+++ Provided data +++

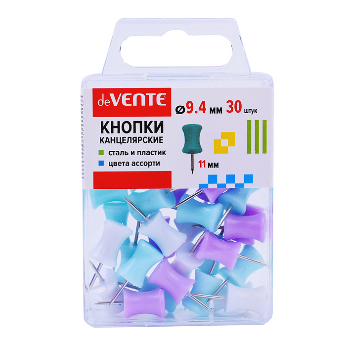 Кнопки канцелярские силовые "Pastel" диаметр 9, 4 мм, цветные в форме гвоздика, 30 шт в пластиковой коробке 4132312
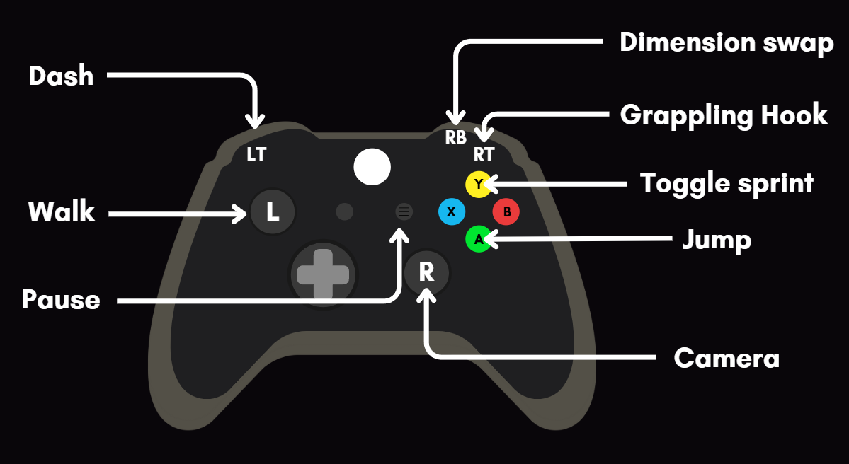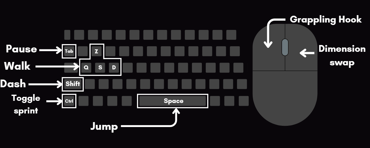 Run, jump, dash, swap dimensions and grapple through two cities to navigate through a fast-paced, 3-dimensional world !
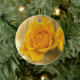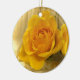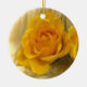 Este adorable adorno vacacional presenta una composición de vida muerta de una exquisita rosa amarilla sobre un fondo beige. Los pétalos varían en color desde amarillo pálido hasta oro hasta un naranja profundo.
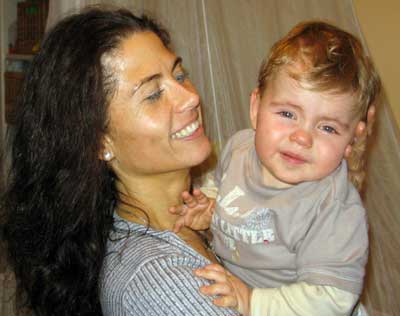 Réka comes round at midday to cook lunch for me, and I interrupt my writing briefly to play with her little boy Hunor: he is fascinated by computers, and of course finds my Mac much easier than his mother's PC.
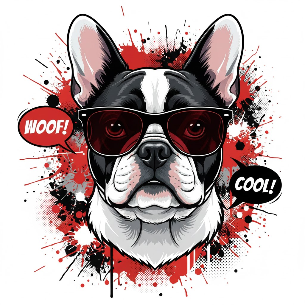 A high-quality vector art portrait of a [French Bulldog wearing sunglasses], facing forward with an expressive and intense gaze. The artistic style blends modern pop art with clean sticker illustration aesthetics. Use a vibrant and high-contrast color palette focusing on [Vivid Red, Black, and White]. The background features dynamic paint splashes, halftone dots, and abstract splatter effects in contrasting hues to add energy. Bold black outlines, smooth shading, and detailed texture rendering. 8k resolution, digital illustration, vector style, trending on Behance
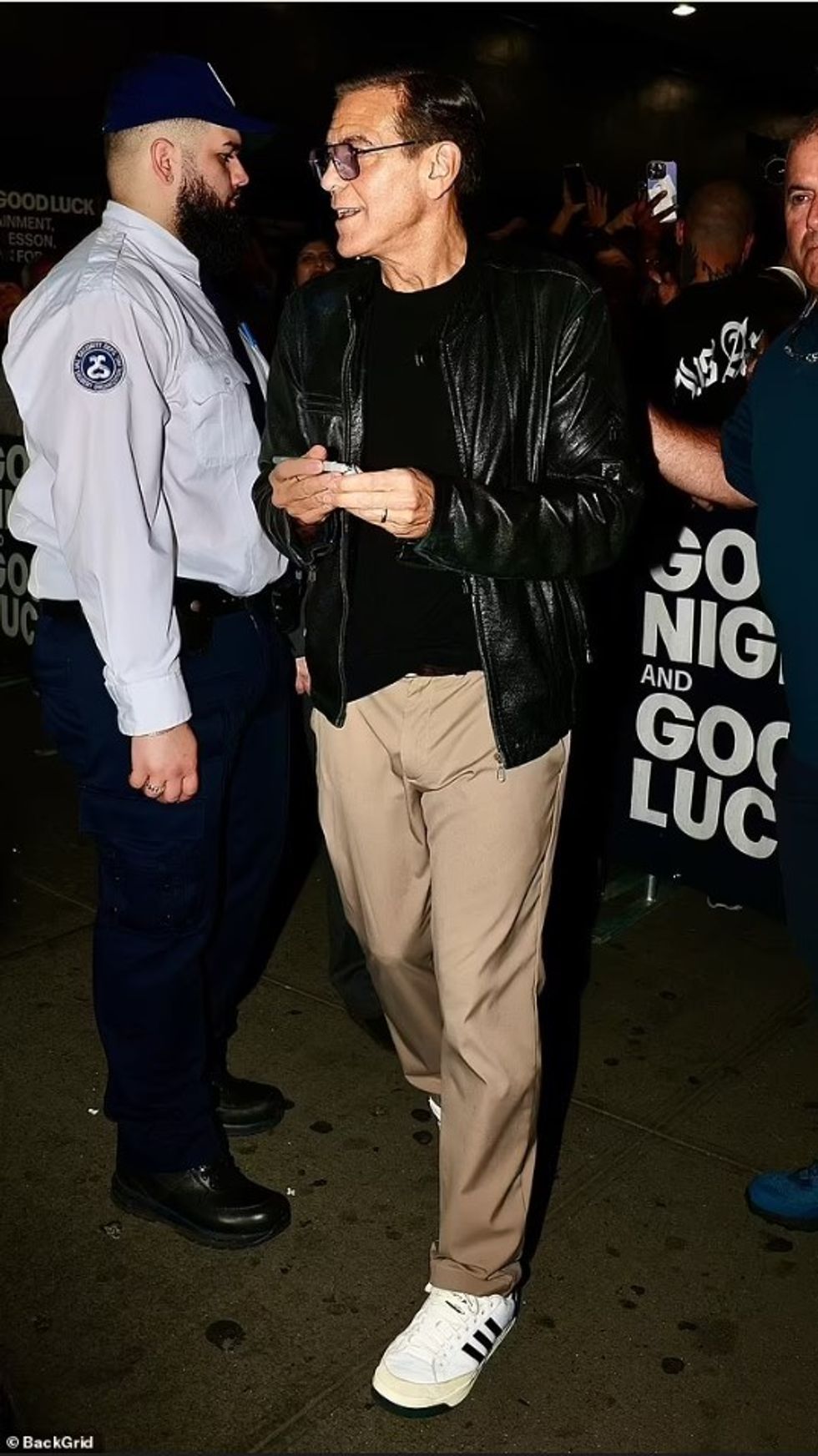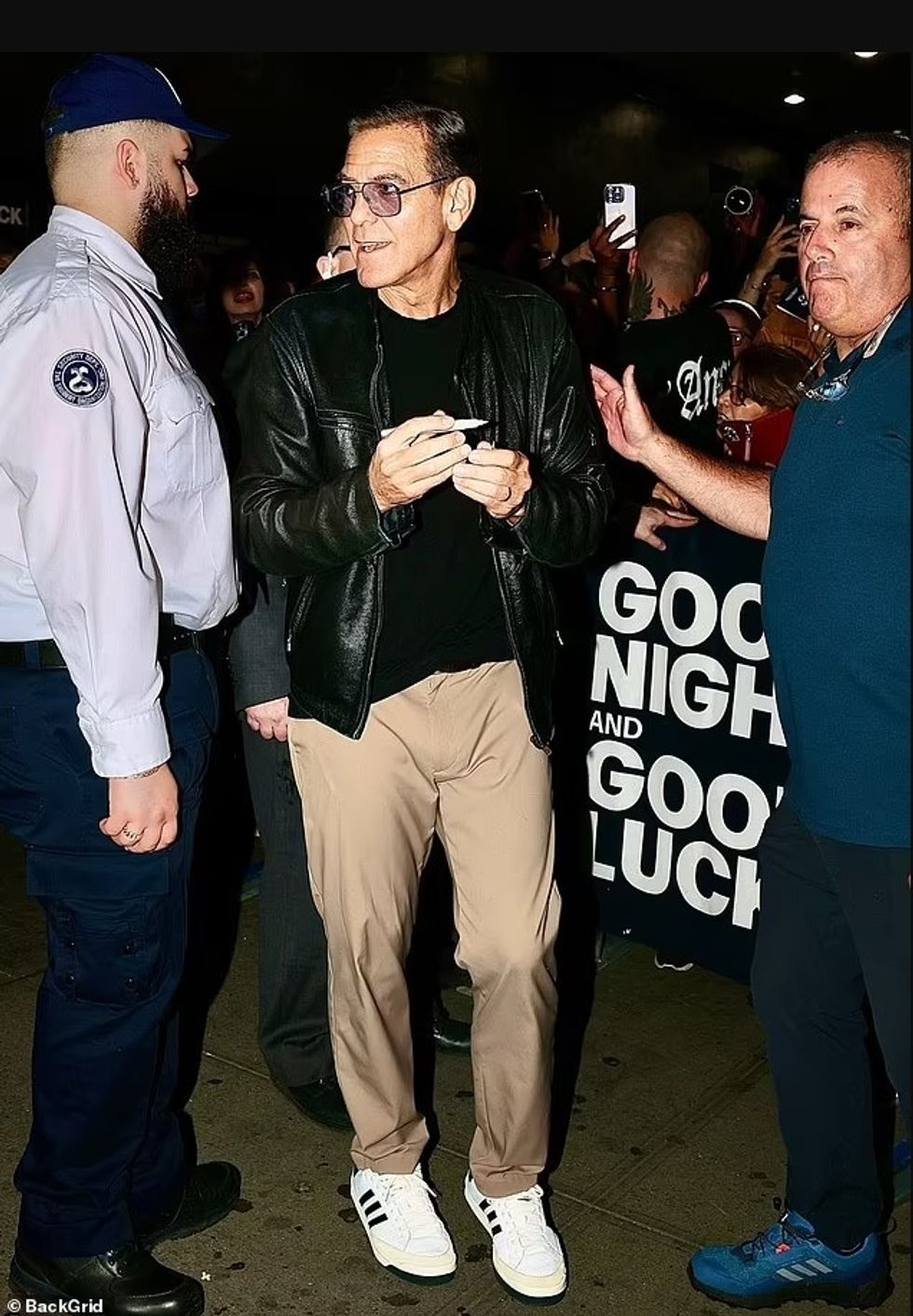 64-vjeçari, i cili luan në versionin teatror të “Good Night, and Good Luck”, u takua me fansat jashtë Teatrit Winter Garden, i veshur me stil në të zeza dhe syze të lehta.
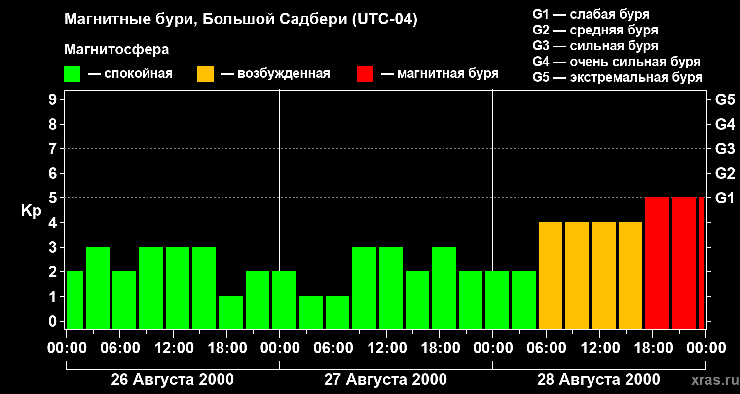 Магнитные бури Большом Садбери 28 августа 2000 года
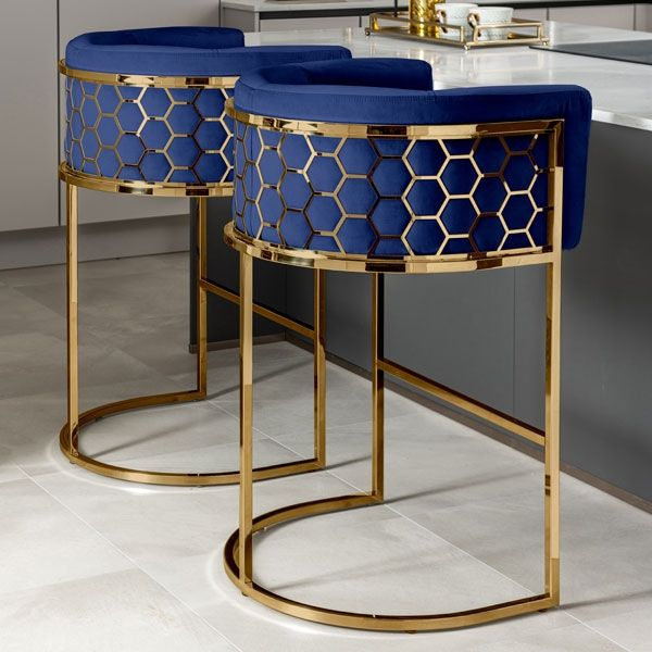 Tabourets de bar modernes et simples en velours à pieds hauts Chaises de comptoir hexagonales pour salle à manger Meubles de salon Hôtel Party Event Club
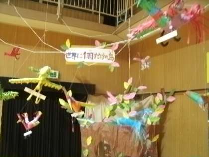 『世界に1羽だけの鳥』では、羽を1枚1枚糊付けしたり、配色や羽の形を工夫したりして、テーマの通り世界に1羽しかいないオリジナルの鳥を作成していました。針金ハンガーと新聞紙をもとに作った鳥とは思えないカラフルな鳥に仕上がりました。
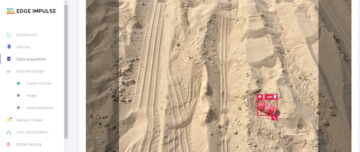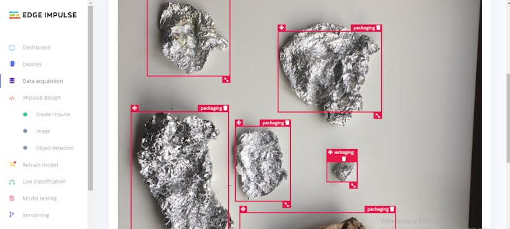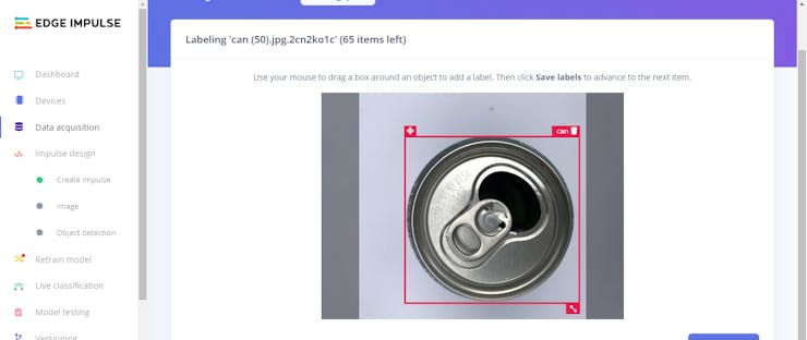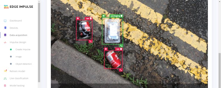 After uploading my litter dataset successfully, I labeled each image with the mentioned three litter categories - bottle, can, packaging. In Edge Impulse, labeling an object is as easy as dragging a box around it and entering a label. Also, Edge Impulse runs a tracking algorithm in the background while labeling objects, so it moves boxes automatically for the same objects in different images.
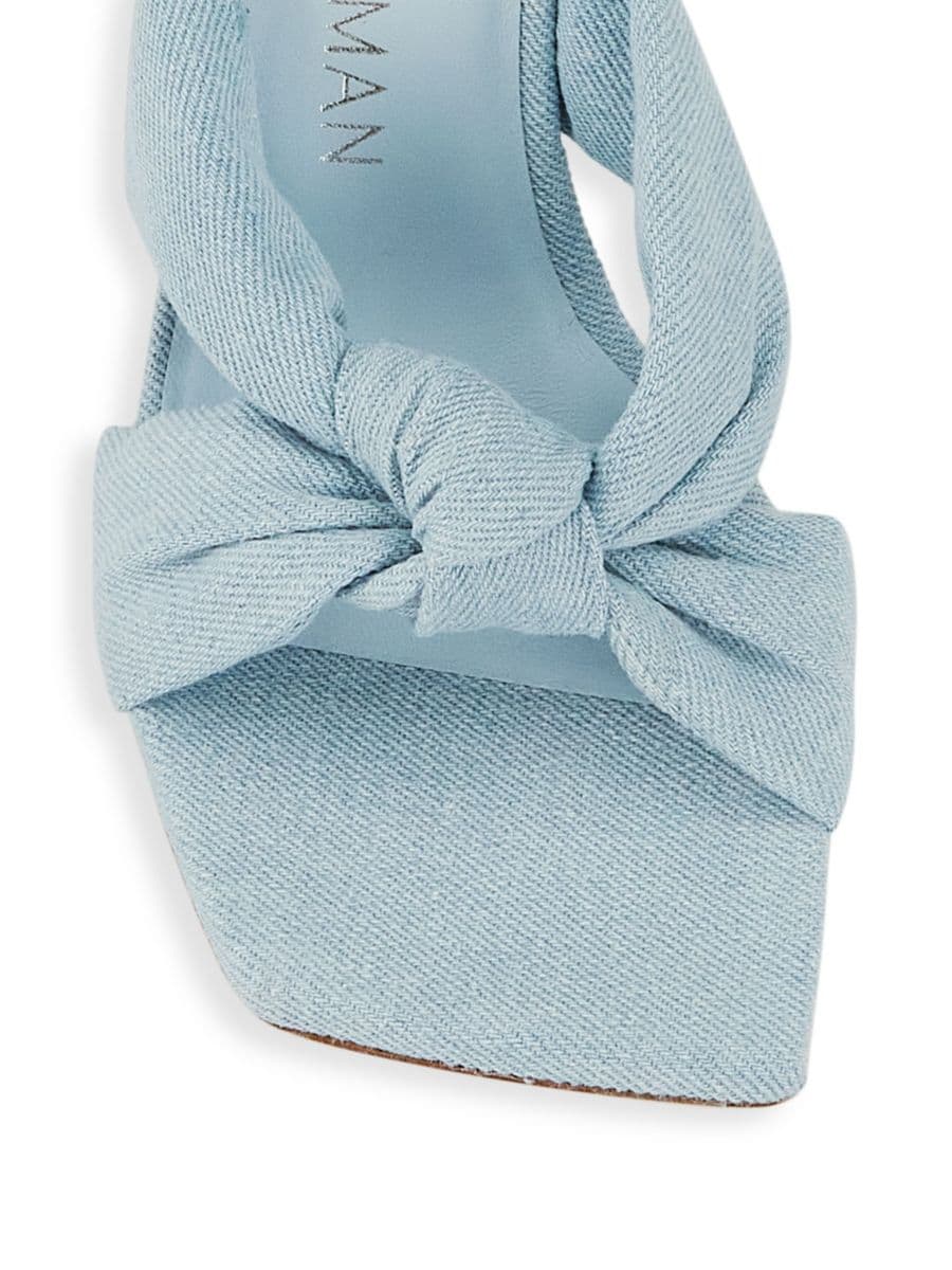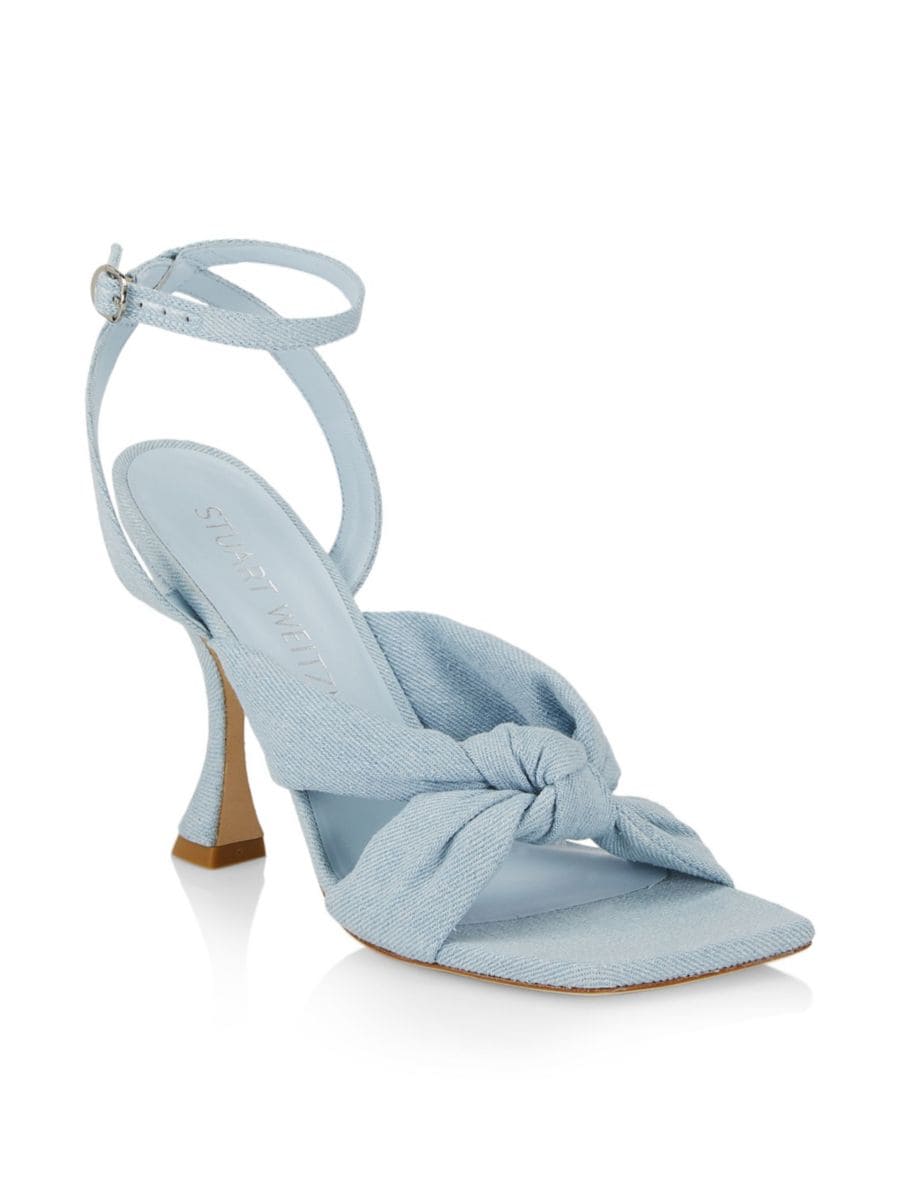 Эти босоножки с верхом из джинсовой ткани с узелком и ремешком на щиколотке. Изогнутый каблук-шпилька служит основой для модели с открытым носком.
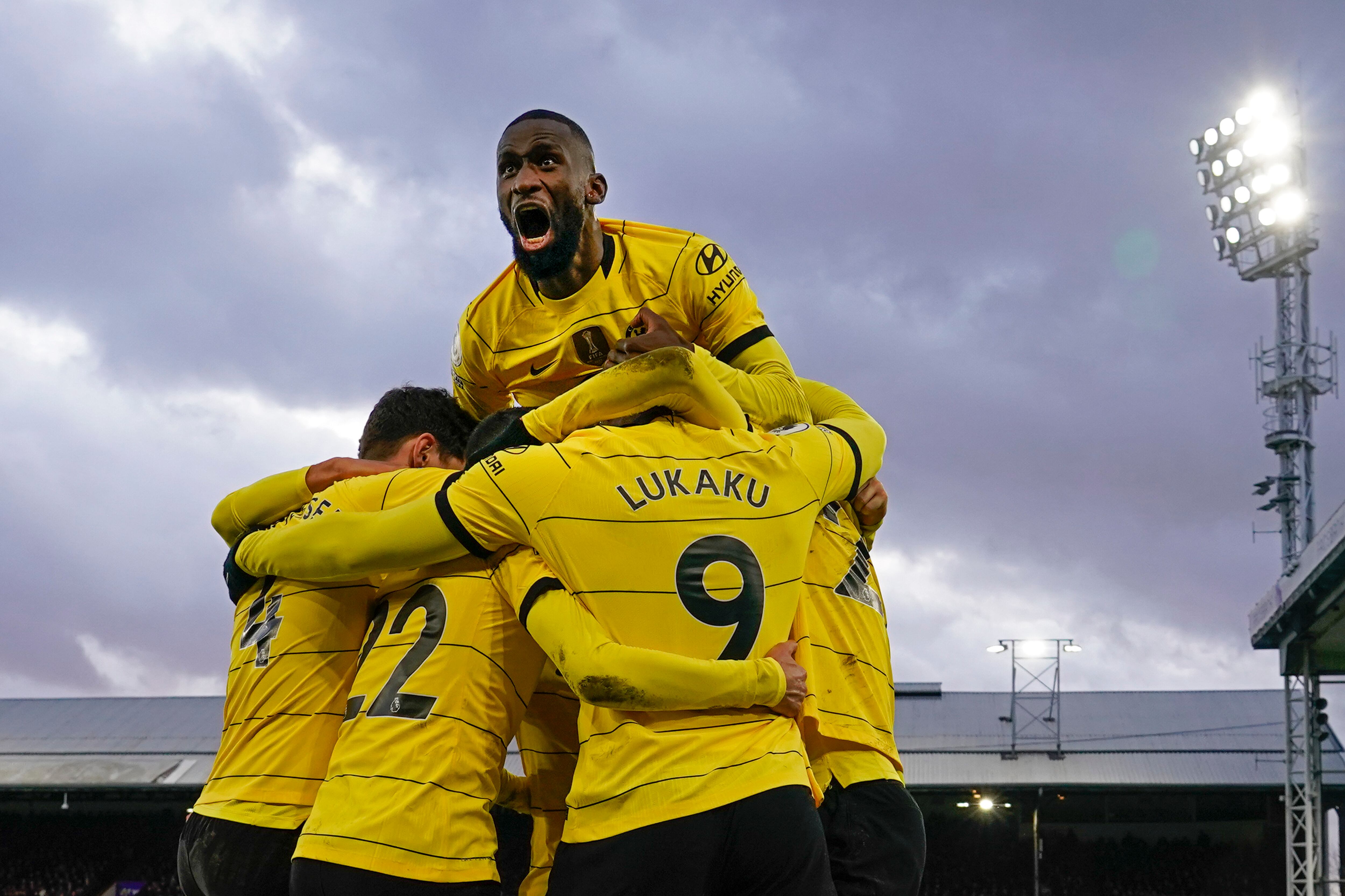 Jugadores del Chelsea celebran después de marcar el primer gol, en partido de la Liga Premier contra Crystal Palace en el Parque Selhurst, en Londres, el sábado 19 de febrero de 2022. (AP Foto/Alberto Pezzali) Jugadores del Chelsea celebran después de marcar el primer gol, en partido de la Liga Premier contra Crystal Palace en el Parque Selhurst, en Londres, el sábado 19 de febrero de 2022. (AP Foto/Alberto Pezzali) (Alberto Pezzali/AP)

+++

The problem:
Copy every record above exactly, leaving out the pictures.

Written answer:
 Кнопки канцелярские силовые "Pastel" диаметр 9, 4 мм, цветные в форме гвоздика, 30 шт в пластиковой коробке 4132312
 Run, jump, dash, swap dimensions and grapple through two cities to navigate through a fast-paced, 3-dimensional world !
 Este adorable adorno vacacional presenta una composición de vida muerta de una exquisita rosa amarilla sobre un fondo beige. Los pétalos varían en color desde amarillo pálido hasta oro hasta un naranja profundo.
 Réka comes round at midday to cook lunch for me, and I interrupt my writing briefly to play with her little boy Hunor: he is fascinated by computers, and of course finds my Mac much easier than his mother's PC.
 A high-quality vector art portrait of a [French Bulldog wearing sunglasses], facing forward with an expressive and intense gaze. The artistic style blends modern pop art with clean sticker illustration aesthetics. Use a vibrant and high-contrast color palette focusing on [Vivid Red, Black, and White]. The background features dynamic paint splashes, halftone dots, and abstract splatter effects in contrasting hues to add energy. Bold black outlines, smooth shading, and detailed texture rendering. 8k resolution, digital illustration, vector style, trending on Behance
 64-vjeçari, i cili luan në versionin teatror të “Good Night, and Good Luck”, u takua me fansat jashtë Teatrit Winter Garden, i veshur me stil në të zeza dhe syze të lehta.
 Магнитные бури Большом Садбери 28 августа 2000 года
 Tabourets de bar modernes et simples en velours à pieds hauts Chaises de comptoir hexagonales pour salle à manger Meubles de salon Hôtel Party Event Club
 『世界に1羽だけの鳥』では、羽を1枚1枚糊付けしたり、配色や羽の形を工夫したりして、テーマの通り世界に1羽しかいないオリジナルの鳥を作成していました。針金ハンガーと新聞紙をもとに作った鳥とは思えないカラフルな鳥に仕上がりました。
 After uploading my litter dataset successfully, I labeled each image with the mentioned three litter categories - bottle, can, packaging. In Edge Impulse, labeling an object is as easy as dragging a box around it and entering a label. Also, Edge Impulse runs a tracking algorithm in the background while labeling objects, so it moves boxes automatically for the same objects in different images.
 Эти босоножки с верхом из джинсовой ткани с узелком и ремешком на щиколотке. Изогнутый каблук-шпилька служит основой для модели с открытым носком.
 Jugadores del Chelsea celebran después de marcar el primer gol, en partido de la Liga Premier contra Crystal Palace en el Parque Selhurst, en Londres, el sábado 19 de febrero de 2022. (AP Foto/Alberto Pezzali) Jugadores del Chelsea celebran después de marcar el primer gol, en partido de la Liga Premier contra Crystal Palace en el Parque Selhurst, en Londres, el sábado 19 de febrero de 2022. (AP Foto/Alberto Pezzali) (Alberto Pezzali/AP)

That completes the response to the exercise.